The first 100 stories — patterns I didn't expect
I was wrong about almost everything.
Before launch, I wrote down predictions about what the first 100 stories on Surbias would look like. I was so confident I sealed them in a note and dated it. Then last week I checked the database against my predictions. The score: 3 out of 11.
This is what I got wrong.
Prediction 1: most stories would be about business
I assumed the early audience would be founders. They’d be the loudest. They’d be the ones who already knew about survivorship bias and wanted somewhere to vent. I expected business and career to make up 60% of posts combined.
What actually happened: relationships was the biggest category. By a lot. Career was second. Business was a distant fourth, behind health.
Looking back, this is obvious. People who post about failed businesses already have outlets — Indie Hackers, Hacker News, twenty newsletters about startup post-mortems. People who want to talk about a friendship that quietly ended? There’s nowhere good for that. So they came here.
Prediction 2: “respect” would be the most-used reaction
Of the five reactions (“me too,” “hug,” “strength,” “respect,” “solidarity”), I thought “respect” would dominate. It’s the most flattering. It tells the writer they did something brave by sharing.
I was off by a mile. “Me too” is used roughly 4× more than any other reaction. That tells me something I didn’t understand before: the dominant emotion when reading a vulnerable story isn’t admiration. It’s recognition. People aren’t here to applaud. They’re here to feel less alone.
I think this also explains why the platform feels different from anywhere else — recognition is a quieter signal than applause, and quiet signals don’t reward performance the same way.
Prediction 3: most posts would be short
I built the textarea with a 5000-character cap and assumed people would write 200–400 character posts, like tweets but sad. I sized the body preview to 250 chars expecting that to cover most of a post.
The actual median post length is around 800 characters. The longest is 4,800. The instinct to write more, not less, is strong — once people decide to share, they don’t half-share. They go.
I changed the preview clamp to 220 chars after seeing this. Better to under-show and pull people into the full post than to spoil the whole thing in a card.
Prediction 4: anonymous would be the default and stay that way
This one I got right. Roughly 92% of posts are anonymous. The fraction held steady from the first ten posts to the hundredth. There’s no slow drift toward identification, no trickle of brave souls attaching their names. People came for anonymity and they stayed for it.

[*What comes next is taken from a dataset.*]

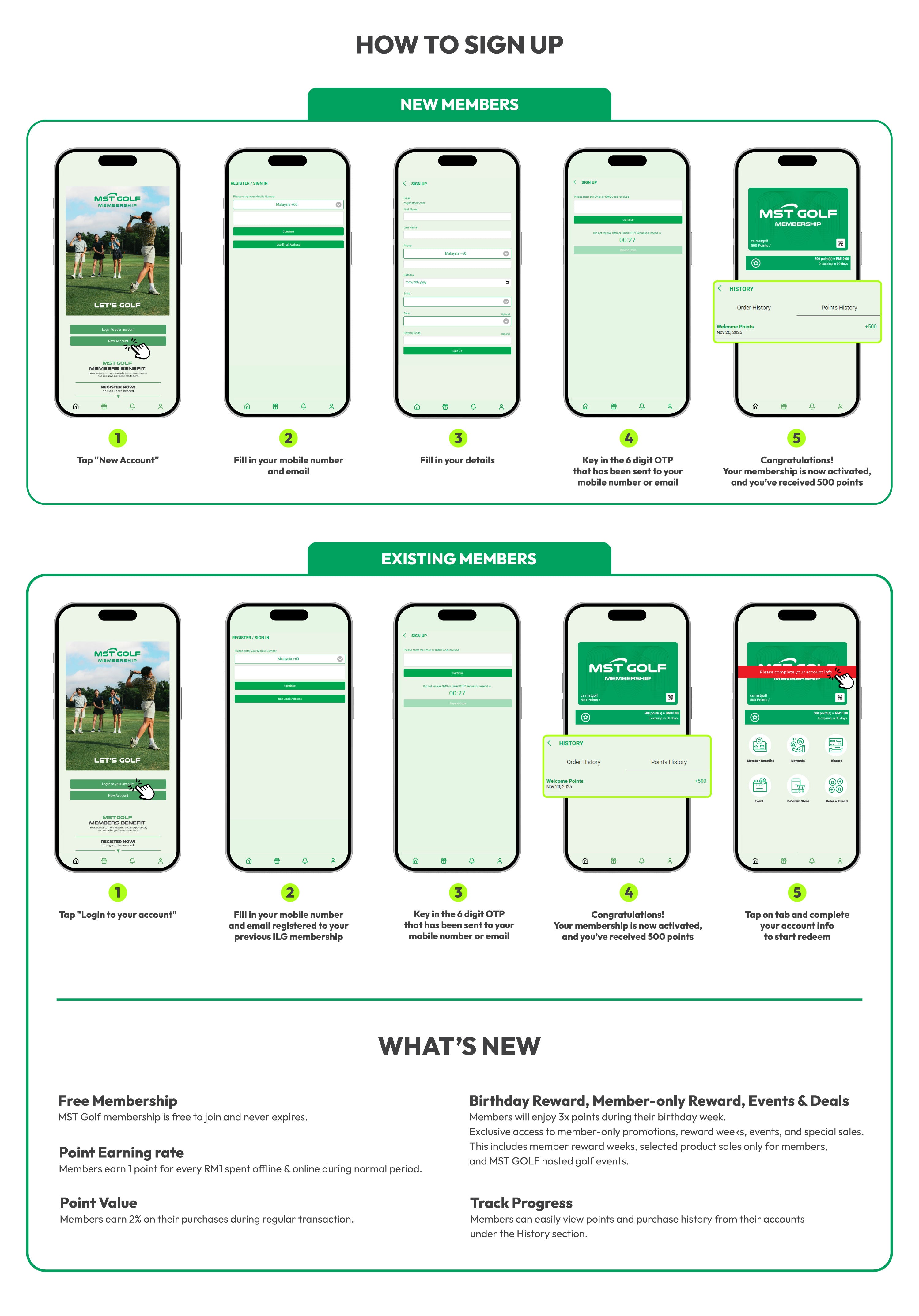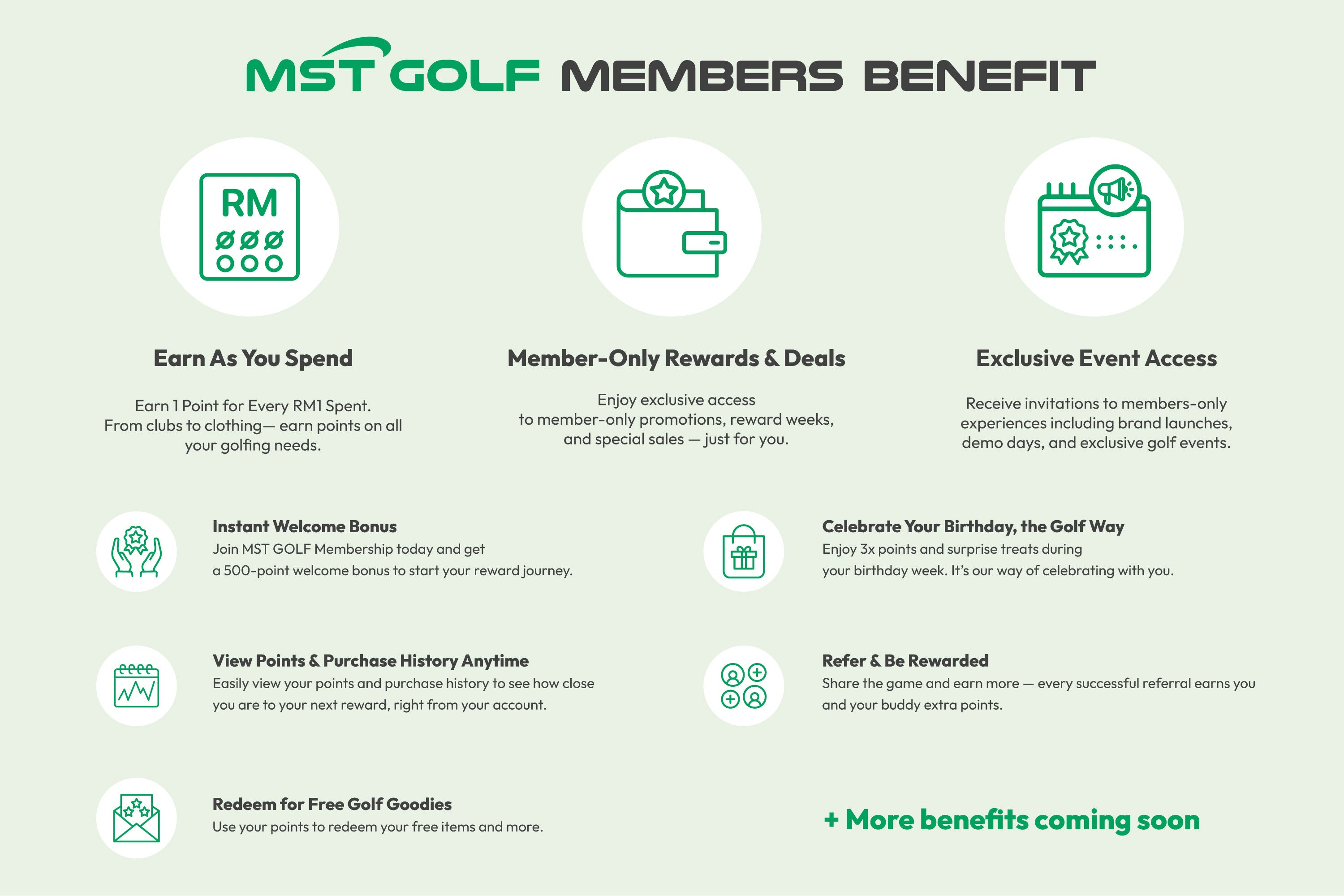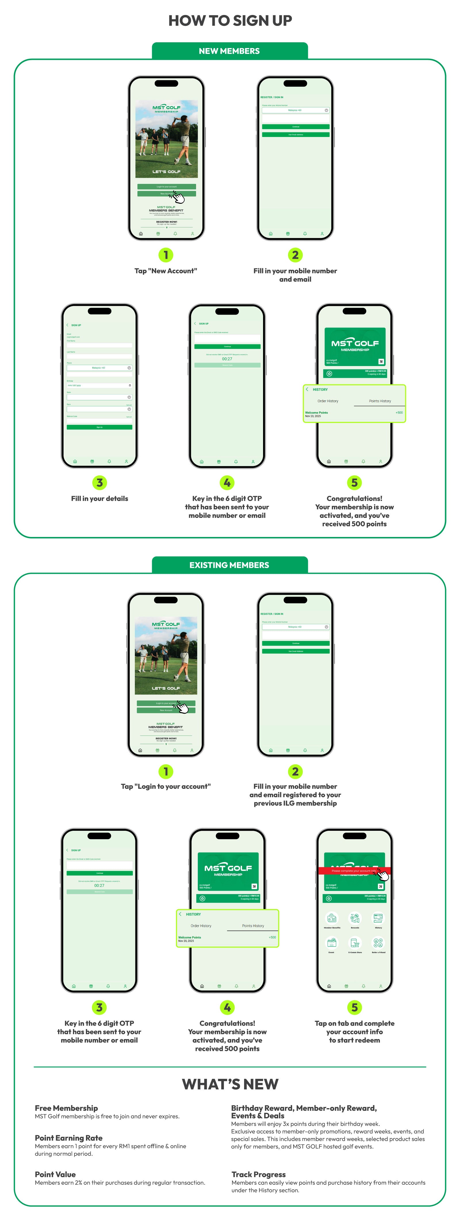 You’ll receive 500 bonus points (equivalent to RM10) after successfully signing into the new MST Golf member portal at http://member.mstgolf.com.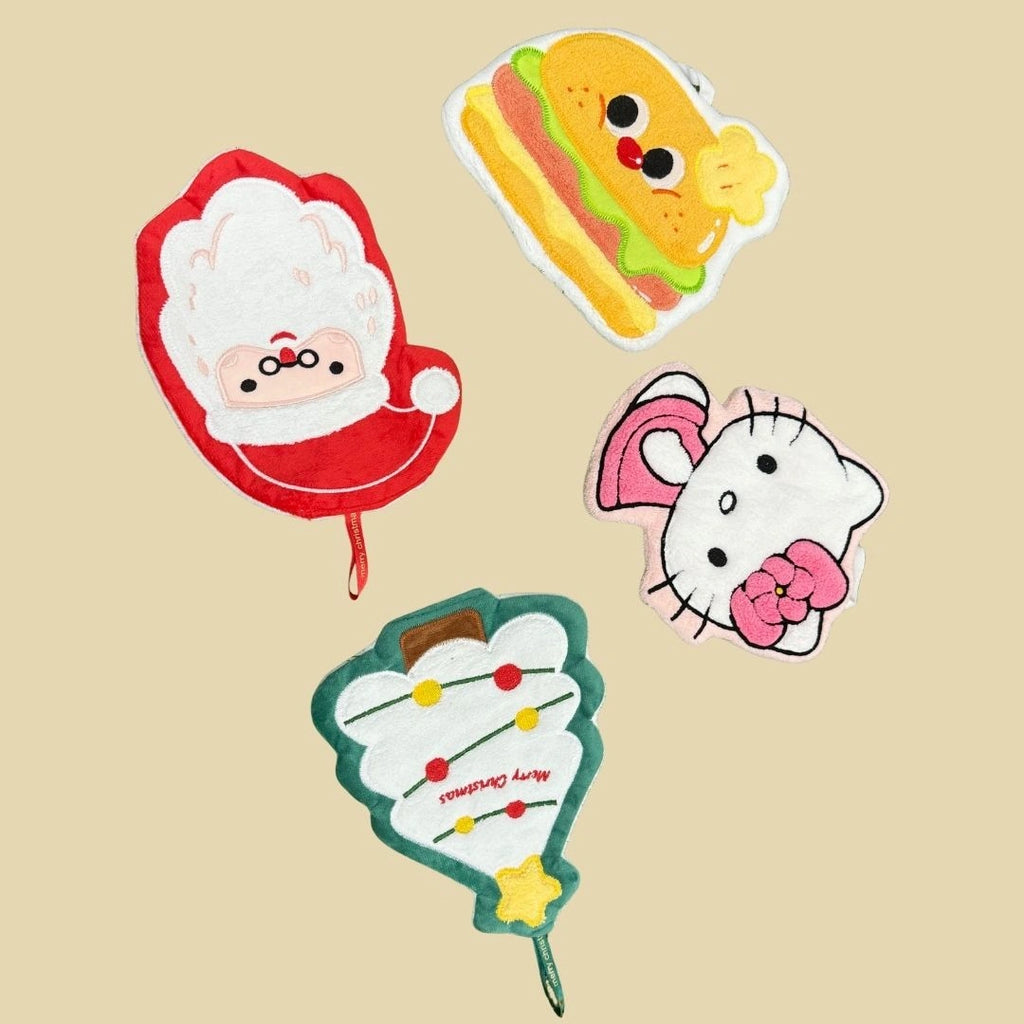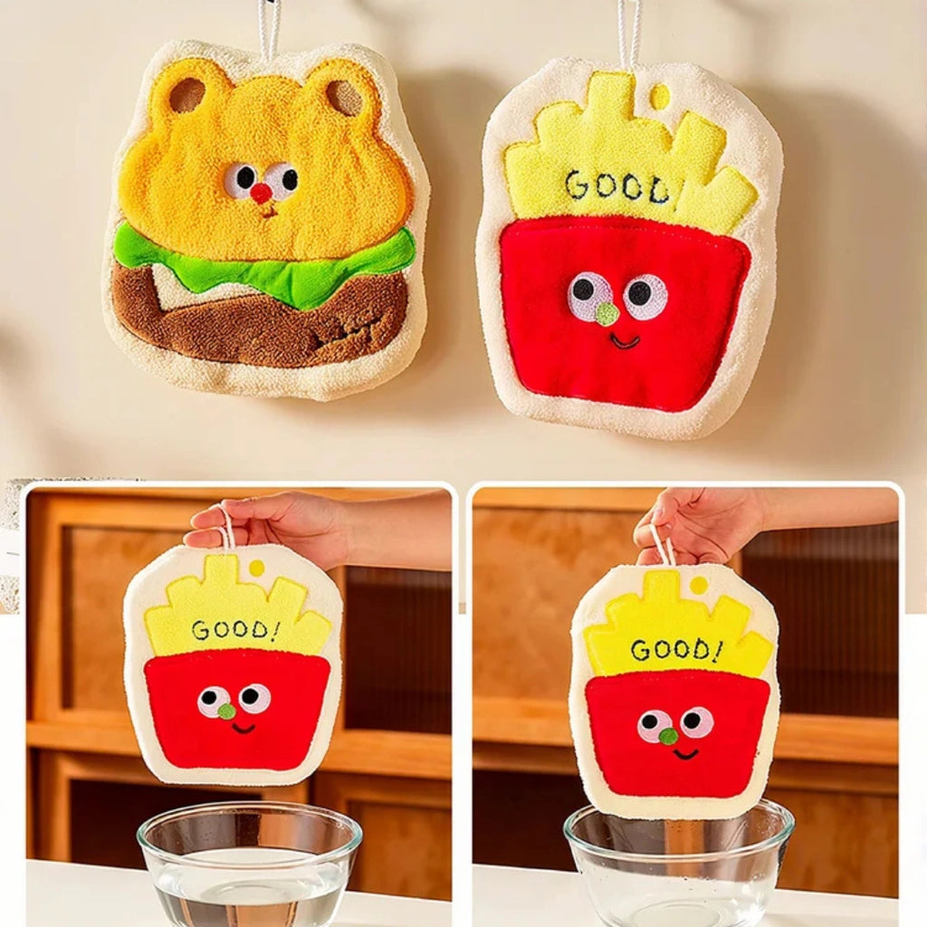 Fun and quirky hand towels shaped like cookies, fries, burgers, and more, featuring adorable facial expressions.

This might be the single most important data point. It tells me the product’s central design choice is correct, and I shouldn’t get cute and try to push attribution later.
Prediction 5: comments would barely happen
Wrong, but not in the way I expected.
I thought there’d be very few comments because people don’t comment on posts that don’t ask for comments. Failure stories don’t end with a question. There’s no hook.
What actually happens: maybe one in eight posts gets a comment, but the comments themselves are surprisingly long and surprisingly good. Average comment length is over 200 characters. They’re almost always either “this happened to me too” with details, or “thank you for writing this” with details about why. There are almost no troll comments. There are zero “first!” comments.
I think this is because the only people who scroll deep enough to comment are the people the post hit hard. The shallow audience bounces. The depth audience stays.
Prediction 6: people would post once and never come back
This was my pessimistic baseline. I assumed the mechanism was: get something off your chest, leave, never return. Surbias as a one-shot purgatory.
Wrong by half. About 35% of posters come back to post a second story. And of the ones that come back twice, more than half come back a third time. There’s a small group of repeat posters who are using Surbias the way other people use journals — except their journal is read by strangers who occasionally write back.
This changes my whole mental model of the product. It’s not just an outlet. For some people, it’s an ongoing conversation with the version of themselves that needs to keep telling the truth.
What I got right
- People don’t want a “happy ending” prompt. Nobody asked for one. The original homepage tagline (“No happy ending needed”) seems to be doing the load-bearing work of giving people permission to leave a story unresolved.
- The five reactions, not three. Early on I considered cutting it down to “me too / hug / respect” — three options, simpler. I kept five and I’m glad. The long tail of “strength” and “solidarity” carries posts that need a more specific kind of response.
- No comment threading. I considered nesting replies. I left it flat on purpose. After 100 posts, I haven’t seen a single conversation that needed a tree to make sense.
What I’d tell myself before launch
Trust the people who show up.
I had a list of features I was going to add “if engagement isn’t there.” Most of them were optimization for a problem that didn’t exist. The first 100 stories told me the product I built was closer to right than I expected, and the parts that were wrong were wrong in directions I couldn’t have predicted from outside.
I’m leaving most of those features unbuilt.